#### [Goal of the exercise]
Your output consists solely of the lines from the one that contains "ヒーロー風カッコイイあだ名 | 『スーパーセタエフ』『ネオセタエフ』 |" to the end of the material, each reproduced exactly; pictures do not belong in it.

#### [Data section]
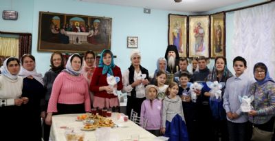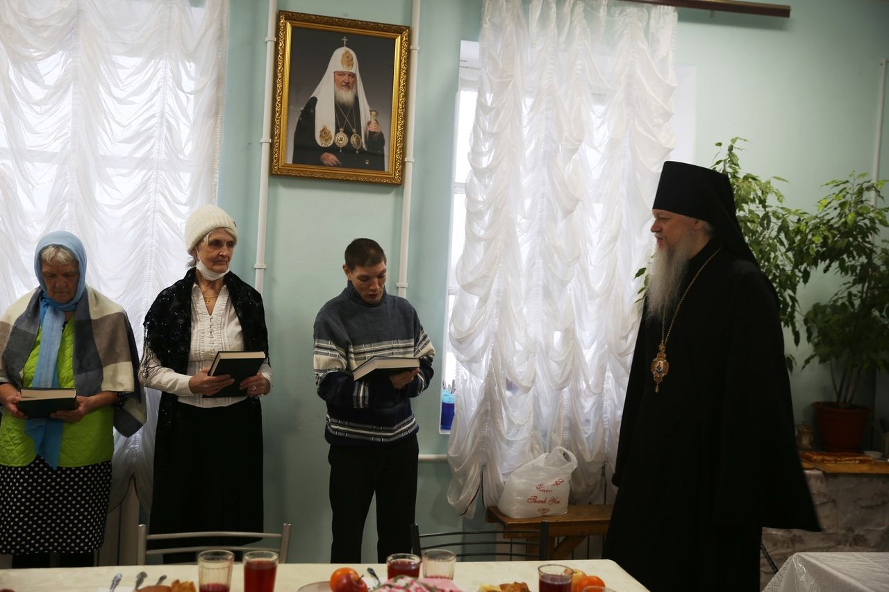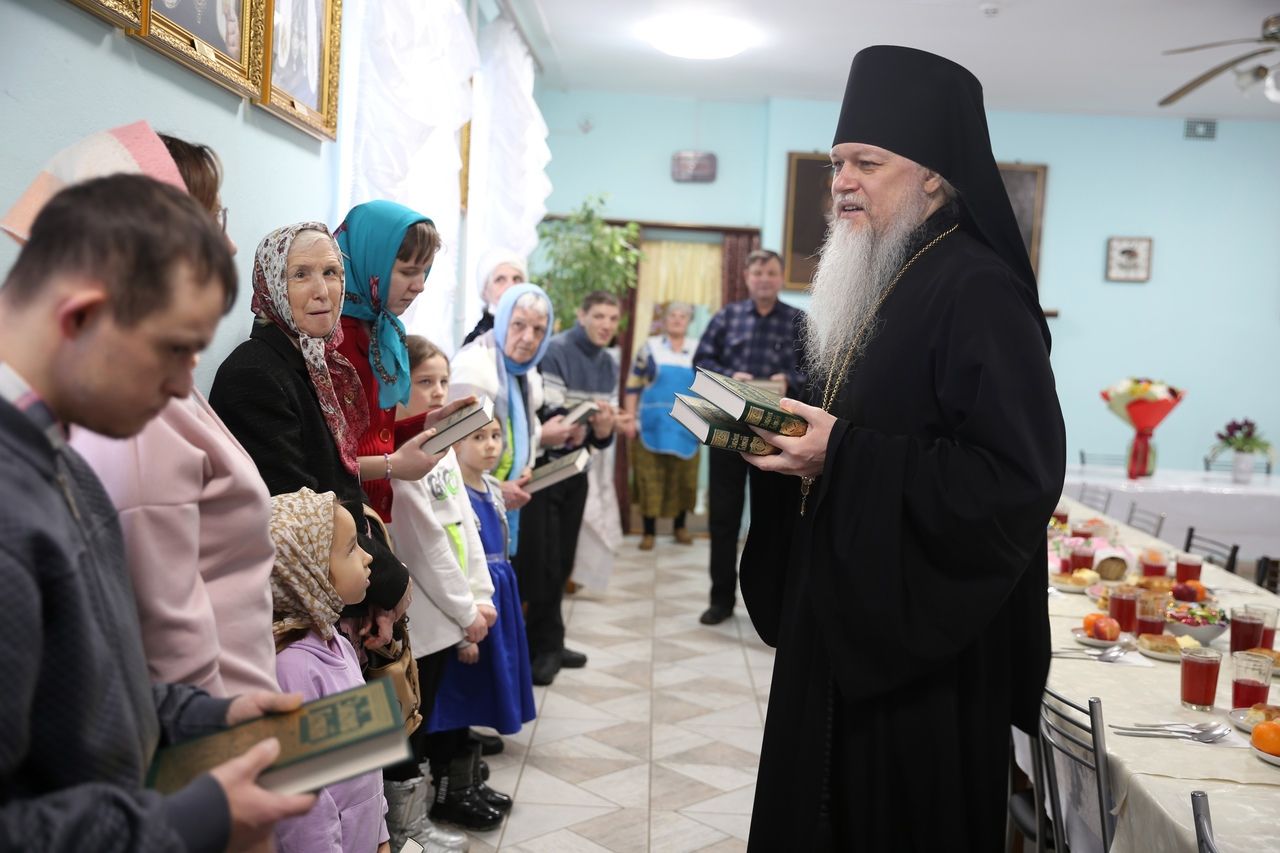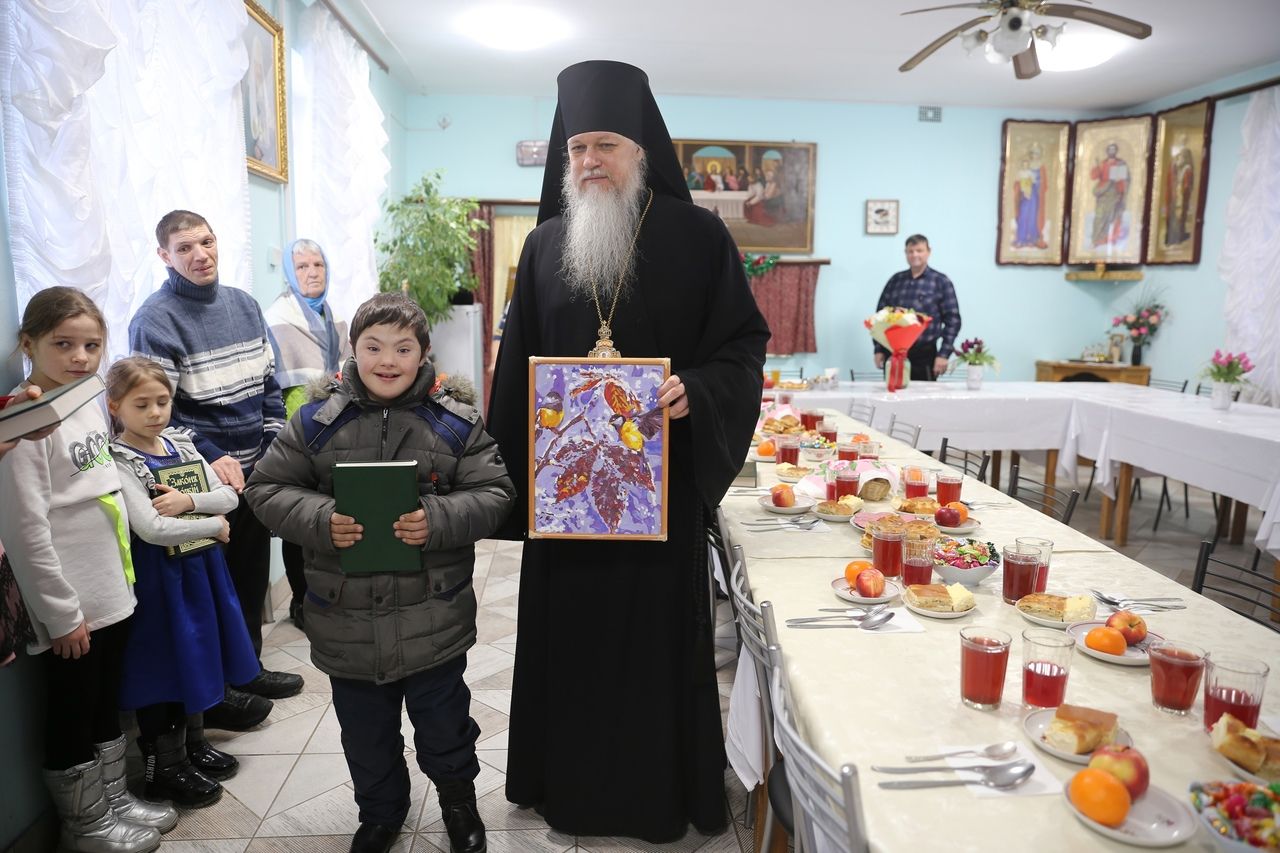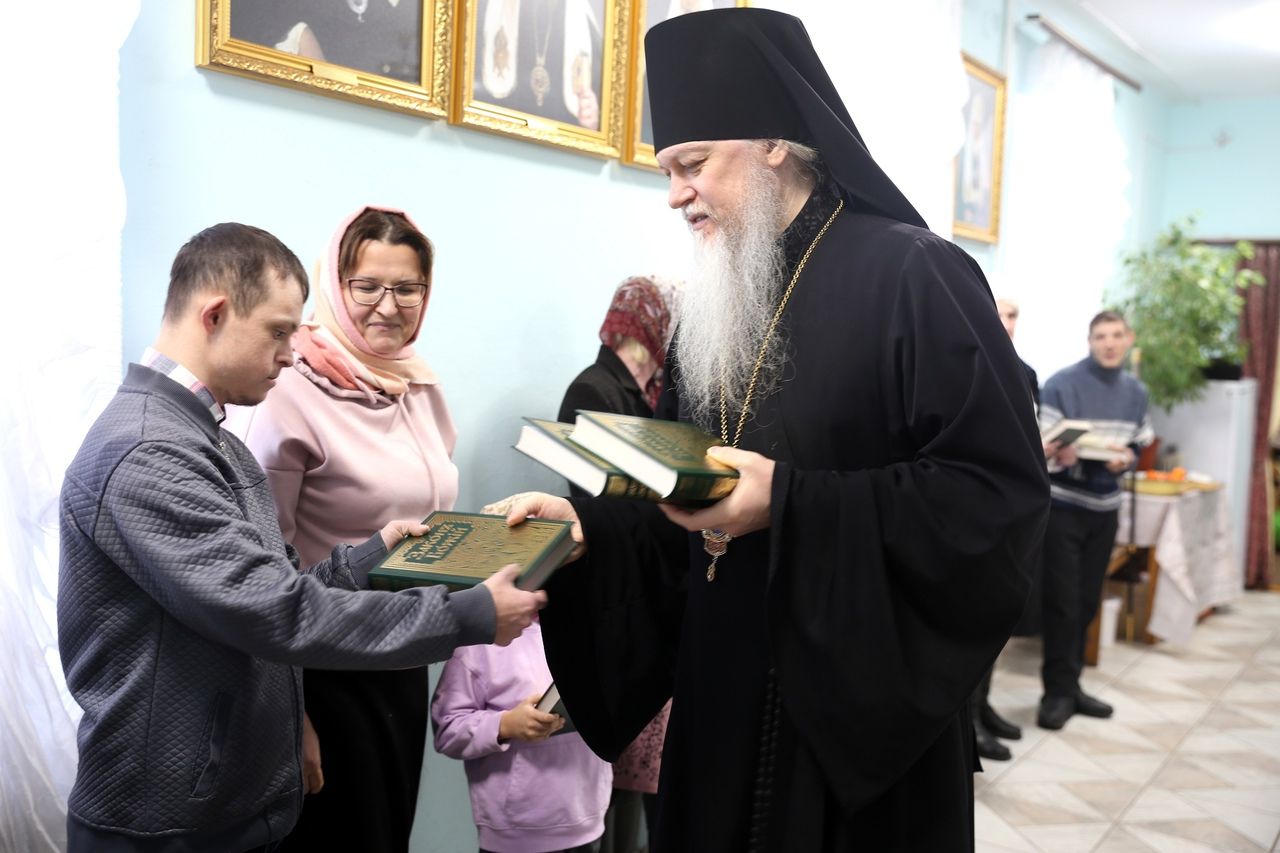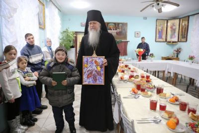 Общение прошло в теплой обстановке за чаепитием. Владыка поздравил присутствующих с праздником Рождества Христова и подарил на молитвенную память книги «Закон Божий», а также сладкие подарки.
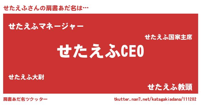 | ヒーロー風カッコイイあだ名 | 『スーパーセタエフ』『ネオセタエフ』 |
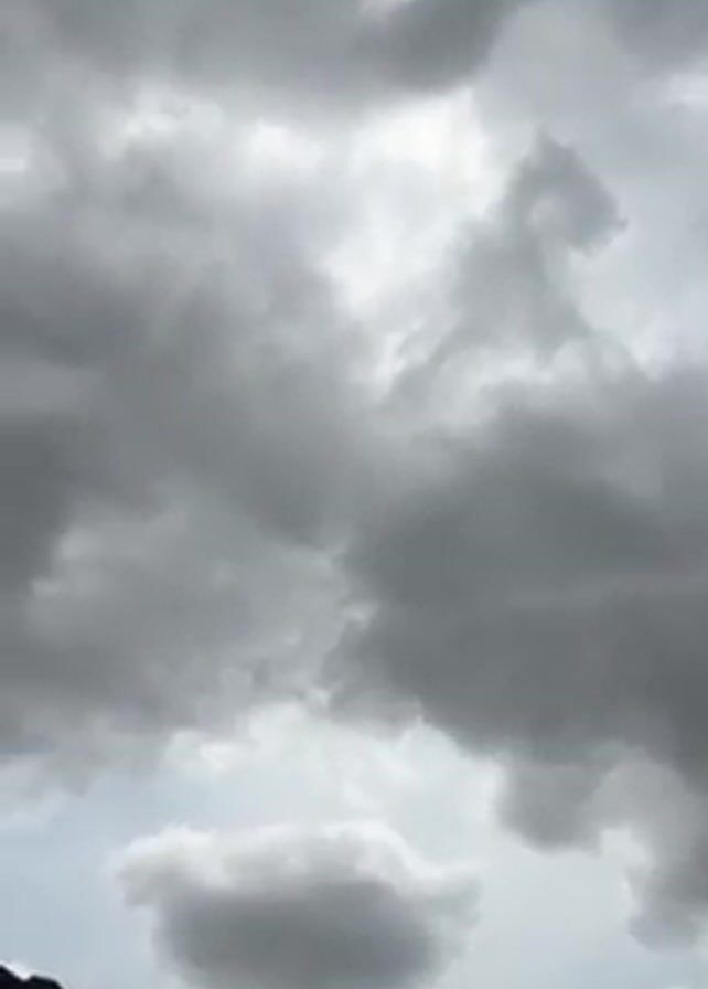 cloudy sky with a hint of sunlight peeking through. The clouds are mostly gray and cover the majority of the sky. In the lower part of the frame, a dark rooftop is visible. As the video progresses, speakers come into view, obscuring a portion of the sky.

#### [Exercise output]
 | ヒーロー風カッコイイあだ名 | 『スーパーセタエフ』『ネオセタエフ』 |
 cloudy sky with a hint of sunlight peeking through. The clouds are mostly gray and cover the majority of the sky. In the lower part of the frame, a dark rooftop is visible. As the video progresses, speakers come into view, obscuring a portion of the sky.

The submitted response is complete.